До сего времени Билль смотрел на движение большой дороги, как смотрят на предметы, изображенные на картинке; иногда еще случалось обменяться поклонами с кем-нибудь из туристов или увидеть в окне кареты какого-нибудь пожилого господина в дорожной фуражке, но вообще все это было в его глазах не более как символ общего движения, общего стремления вдаль, на которое он смотрел как бы издалека, с особого рода суеверным чувством. Но вот настало время, когда все это изменилось: старый мельник был по натуре своей человек, до известной степени, жадный и никогда не упускал случая нажиться честным путем, и потому он надумал превратить свой дом, стоявший у самой дороги, в маленькую придорожную гостиницу с заезжим двором. Счастливо заработав на этом малую толику деньжонок, он построил конюшни и выхлопотал себе право на содержание почтовой станции на своем участке почтового тракта.

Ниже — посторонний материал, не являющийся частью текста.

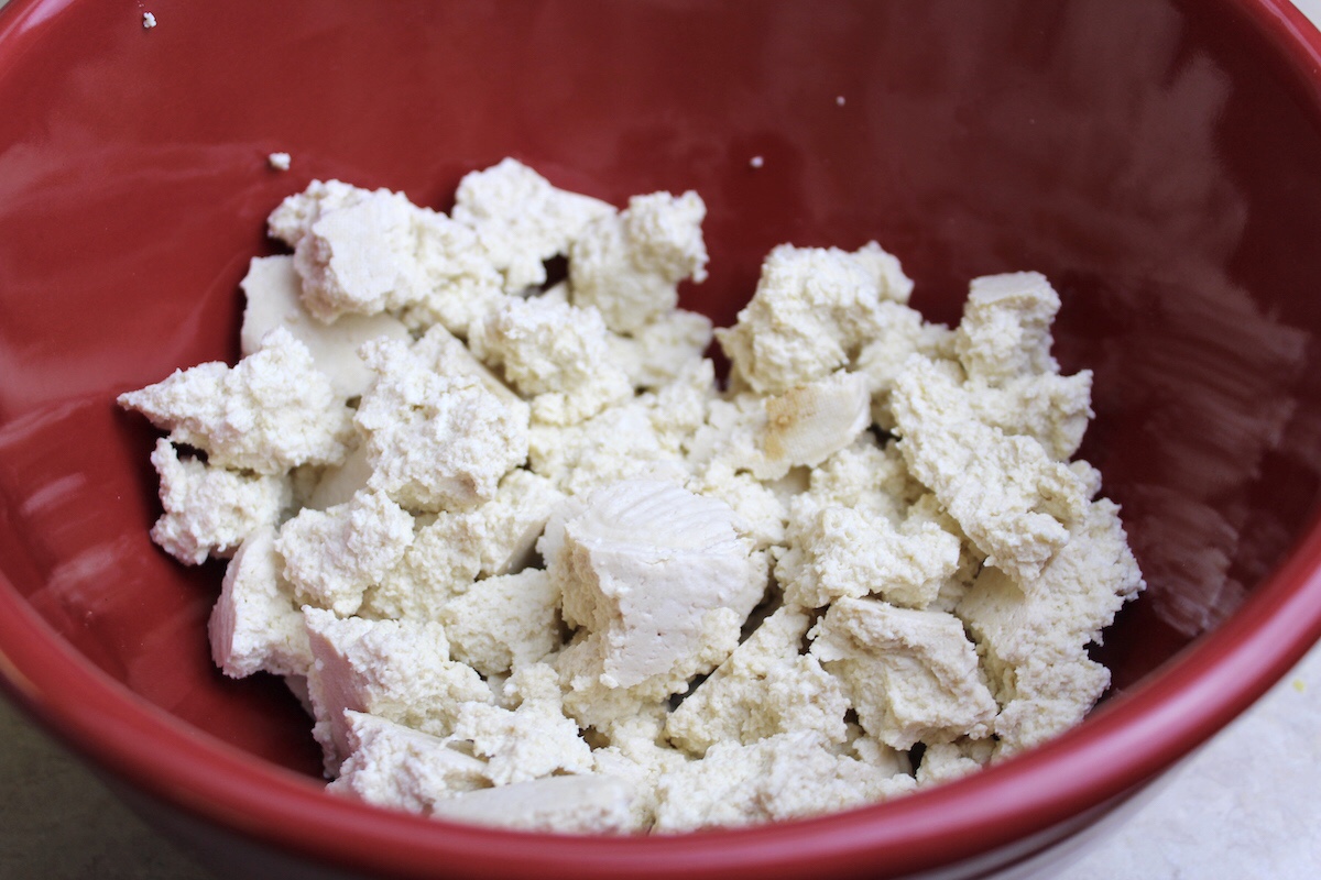 - In a large bowl, use hands to break up tofu into little “nugget” shapes.

Теперь Билль должен был прислуживать заезжим, останавливавшимся в гостинице и желавшим закусить в беседке в конце сада, прилегающего к мельнице. Прислуживая проезжим, Билль всегда слушал во все уши и смотрел во все глаза, и потому многому научился и много узнал нового о внешнем мире, подавая гостям вино или яичницу. Не довольствуясь этим, он нередко вступал в разговоры с одинокими путешественниками, и благодаря его вежливой внимательности и осторожным, разумным расспросам, ему удавалось не только удовлетворить свою любознательность, но и приобрести в то же время симпатии и благорасположение тех лиц, которым ему случалось прислуживать. Многие поздравляли стариков, хозяев гостиницы, с таким прекрасным слугой, а один старик — профессор, хотел даже увезти с собой мальчика, чтобы дать ему солидное образование там, в большом столичном городе. Мельник и его жена были очень удивлены этим, и еще более польщены, чем удивлены; теперь они были вполне убеждены, что прекрасно поступили, открыв гостиницу.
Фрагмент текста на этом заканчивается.